▸ Task prompt
Using the records below, write out only the lines from the line containing "Elegant, feminie, strong" up to and including the line containing "校内では、吹奏楽部と女子ソフ", exactly, with no pictures.

----

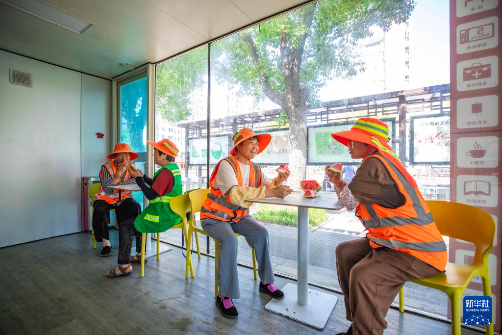 7月13日,環(huán)衛(wèi)工人在江蘇省興化市昭陽街道滄浪社區(qū)的工會(huì)驛站吃西瓜消暑。
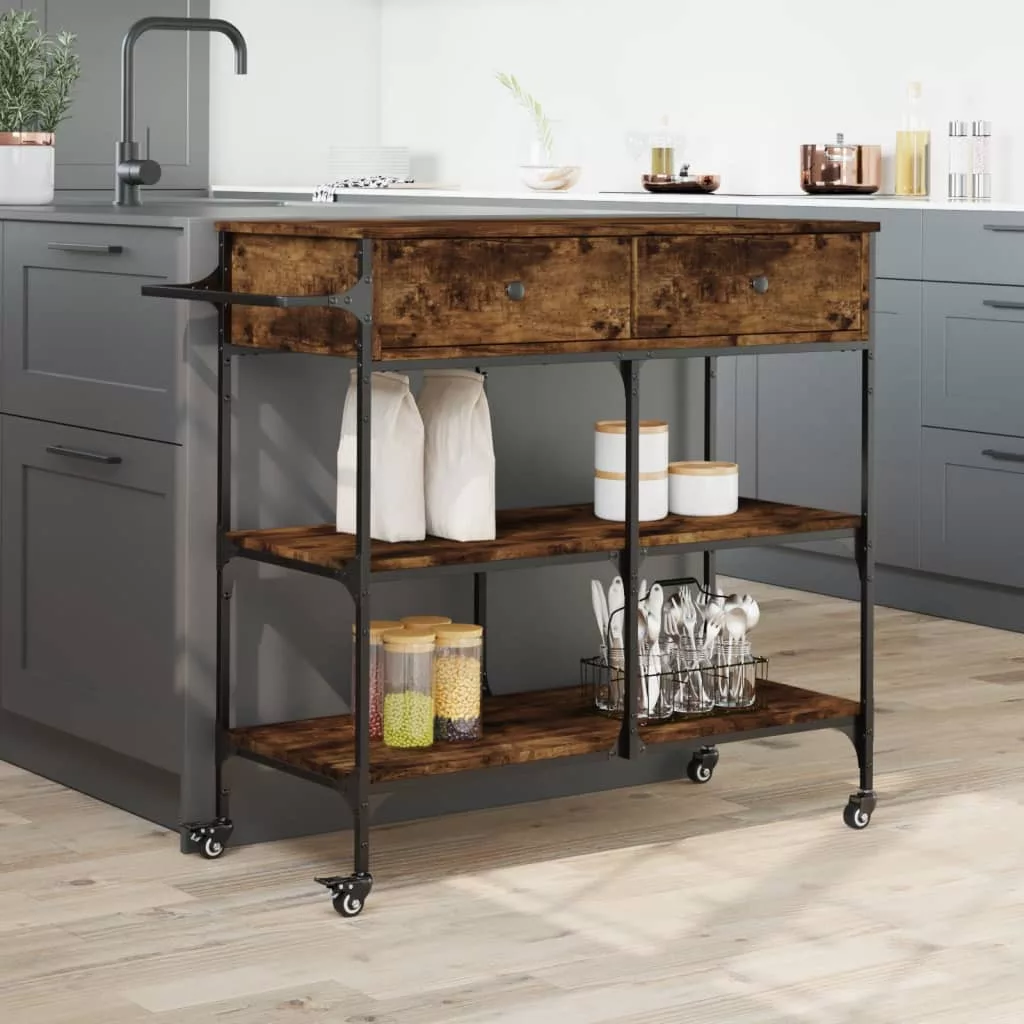 vidaXL füstös tölgy színű szerelt fa zsúrkocsi 105 x 42 x 95 cm
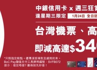 Trip.com:以中銀信用卡預訂機票滿 $1,800 或以上 (未連稅) 即減 $180 優惠碼:BOCFLIGHT
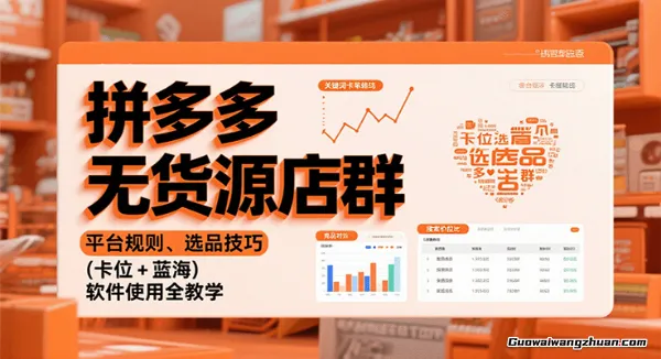 本课程为拼多多无货源店群运营全体系,涵盖规则解读、蓝海选品、标题优化三大核心模块。通过25节课程系统讲解平台规则、季节性选品、三维标题制作等技巧,结合软件工具使用与售后维护策略,帮助学员掌握零成本开店全流程。
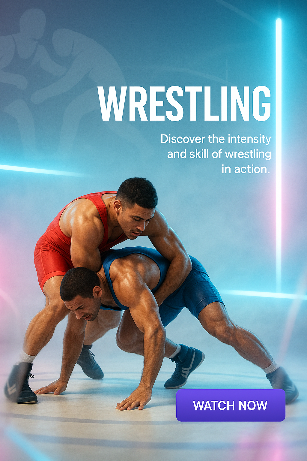 Engaging promotional graphic showcasing wrestling action with vibrant colors and a modern design, ideal for sports marketing and event promotion.
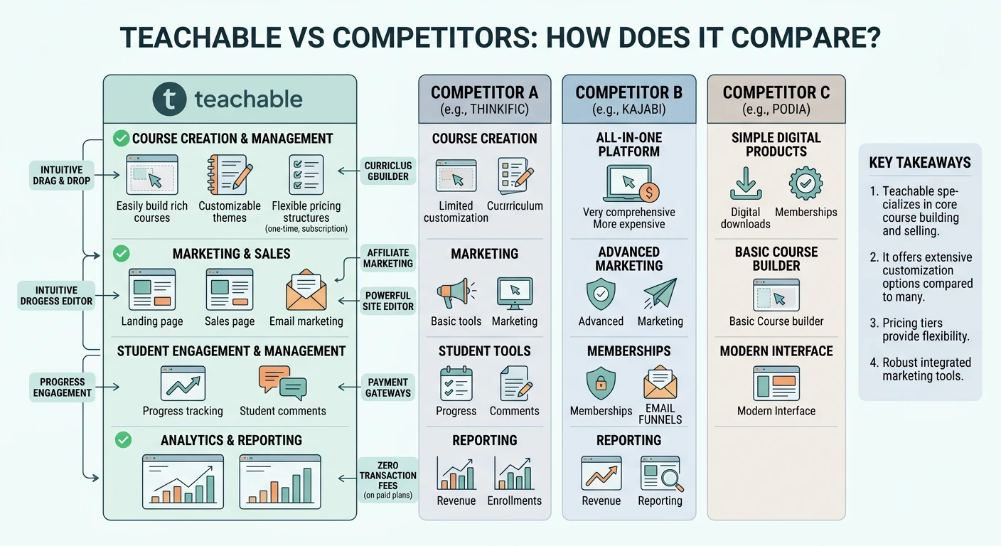 When comparing teachable vs competitors, Teachable stands out for its simplicity and strong set of built-in tools. Platforms like Thinkific, Kajabi, and Podia are also popular choices in the online course platform space, but Teachable is often preferred by first-time course creators for its clean interface and straightforward teachable pricing. If you want an honest look at how the platform stacks up, reading a teachable review from real users is always a good idea before you commit.
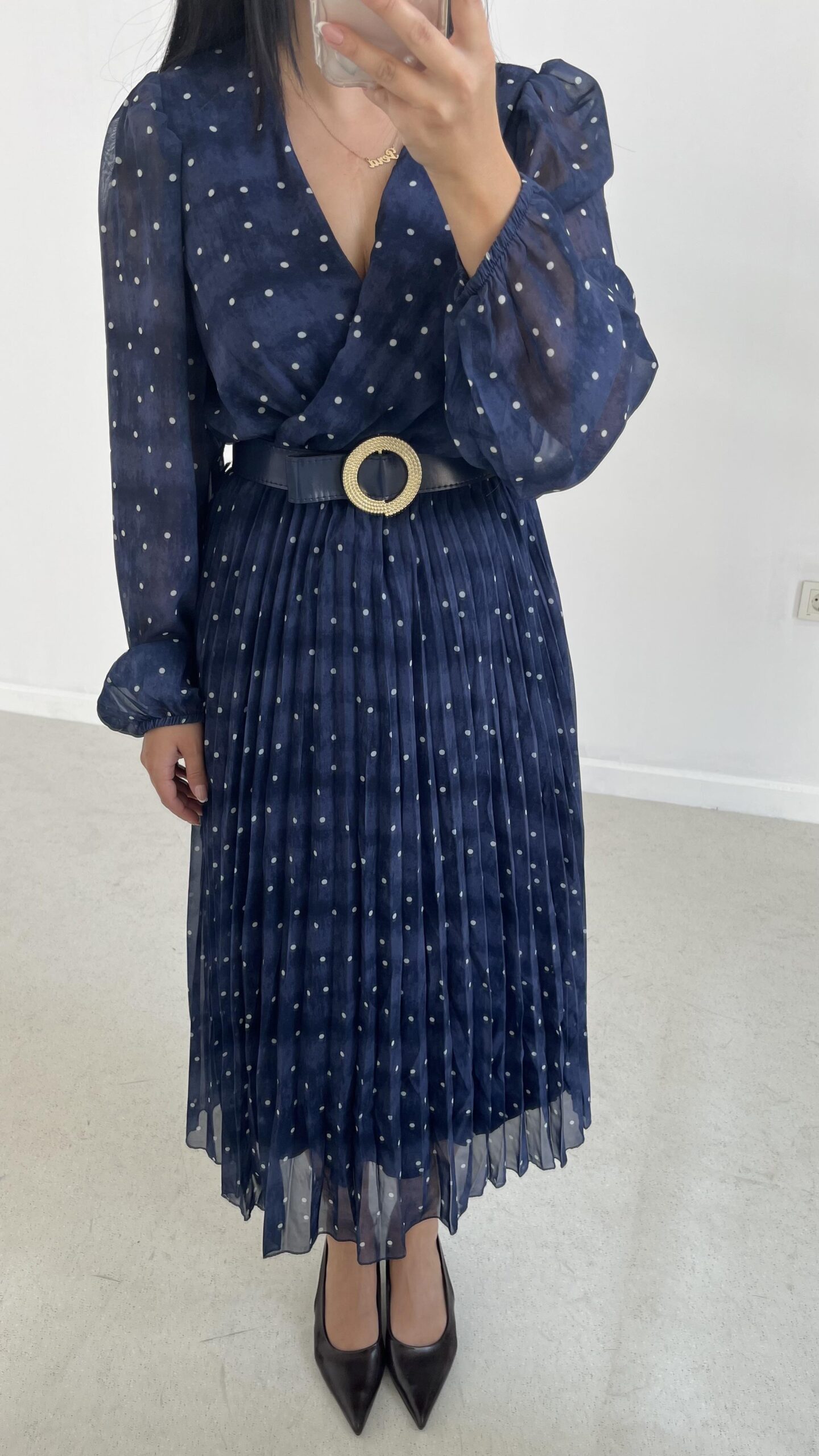 Kruvaze Kemerli Şifon Midi Elbise – Mavi
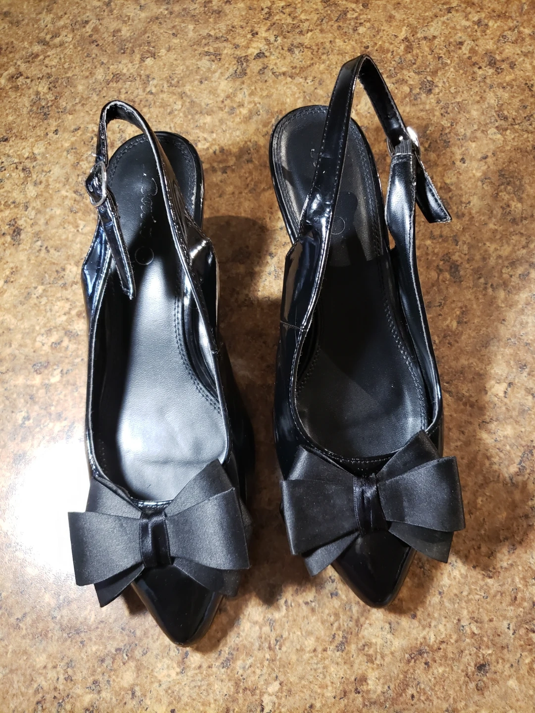 Elegant, feminie, strong manufacturing, kitten heels with satin bow tie motif. Bata, size 7.
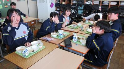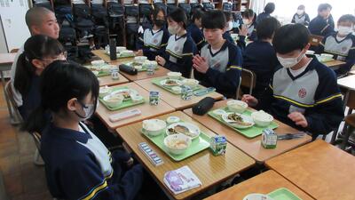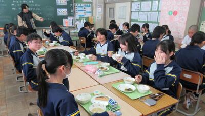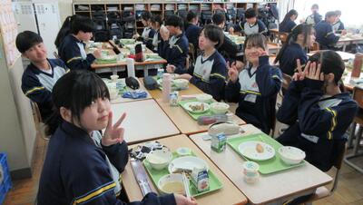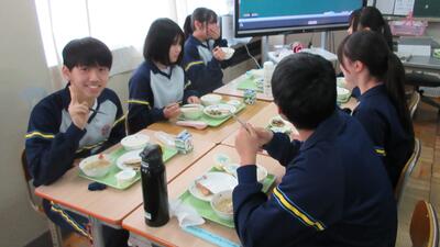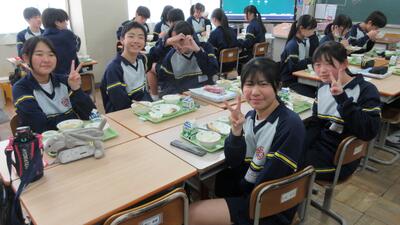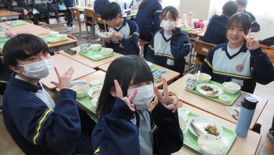 1月26日(月)給食の時間(パンジー学級・3年) 投稿: 赤見台中学校 (17:50) 授業中は緊張感がありますが、給食の時間はとても和やかな雰囲気です。私立高校の入試が一段落し、ホッとしている様子が伺えます。 Tweet -
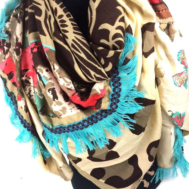 S_2449005 - SCARF WITH PRINT AND LIGHT TAUPE tassels (1st)
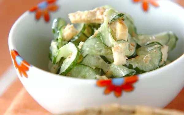 キュウリと油揚げのマヨ和えです。適度な酸味とゴマの香りがやみつきになります。お好みで、カニ風味カマボコやちくわを加えても美味しいです。パパッと手軽に作れるので、「もう一品ほしい!」と思ったときにピッタリ。この副菜を追加するだけで、食卓が賑やかになりますよ。
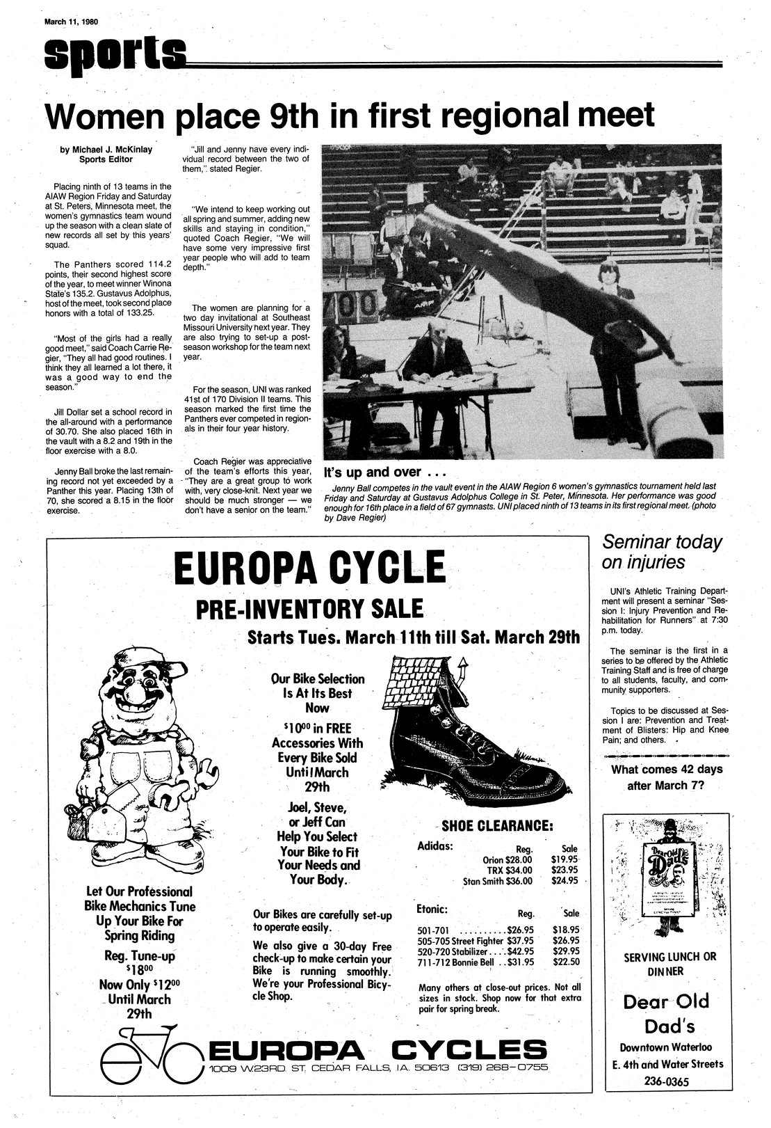 | Women place 9th in first regional meet | UNI placed ninth out of thirteen teams in the AIAW Region; photo. |
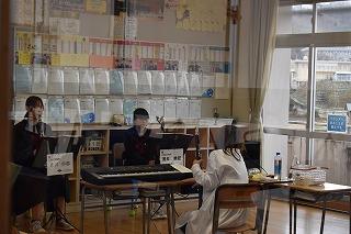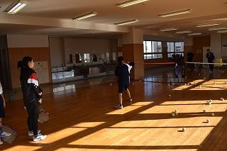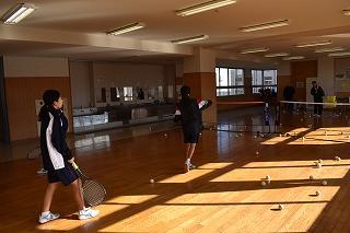 校内では、吹奏楽部と女子ソフトテニス部が練習に励んでいました。ソフトテニス部は、多目的フロアを使って練の練習。これからはコートが使えない日が多くなります。室内で工夫しながら練習に取り組んでください。
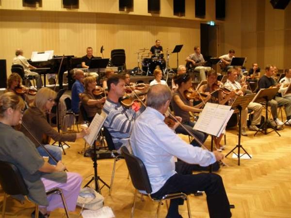 Siniša Leopold za dirigentskim pultom, u trapericama i sportskoj majici, strpljivo je davao upute članovima Revijskog orkestra HRT-a. Među njima, odmah je prepoznatljiv klarinetist Branko Ovčarić, dugogodišnji autor prisutan na festivalskoj pozornici.
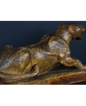 Lwica ma 22,5 cm długości, 11,5 cm wysokości i 9 cm szerokości. Lwica siedzi na podstawie będącej integralną częścią rzeźby o wymiarach 22 na 9 na 2 cm.

----

▸ Your response
 Elegant, feminie, strong manufacturing, kitten heels with satin bow tie motif. Bata, size 7.
 1月26日(月)給食の時間(パンジー学級・3年) 投稿: 赤見台中学校 (17:50) 授業中は緊張感がありますが、給食の時間はとても和やかな雰囲気です。私立高校の入試が一段落し、ホッとしている様子が伺えます。 Tweet -
 S_2449005 - SCARF WITH PRINT AND LIGHT TAUPE tassels (1st)
 キュウリと油揚げのマヨ和えです。適度な酸味とゴマの香りがやみつきになります。お好みで、カニ風味カマボコやちくわを加えても美味しいです。パパッと手軽に作れるので、「もう一品ほしい!」と思ったときにピッタリ。この副菜を追加するだけで、食卓が賑やかになりますよ。
 | Women place 9th in first regional meet | UNI placed ninth out of thirteen teams in the AIAW Region; photo. |
 校内では、吹奏楽部と女子ソフトテニス部が練習に励んでいました。ソフトテニス部は、多目的フロアを使って練の練習。これからはコートが使えない日が多くなります。室内で工夫しながら練習に取り組んでください。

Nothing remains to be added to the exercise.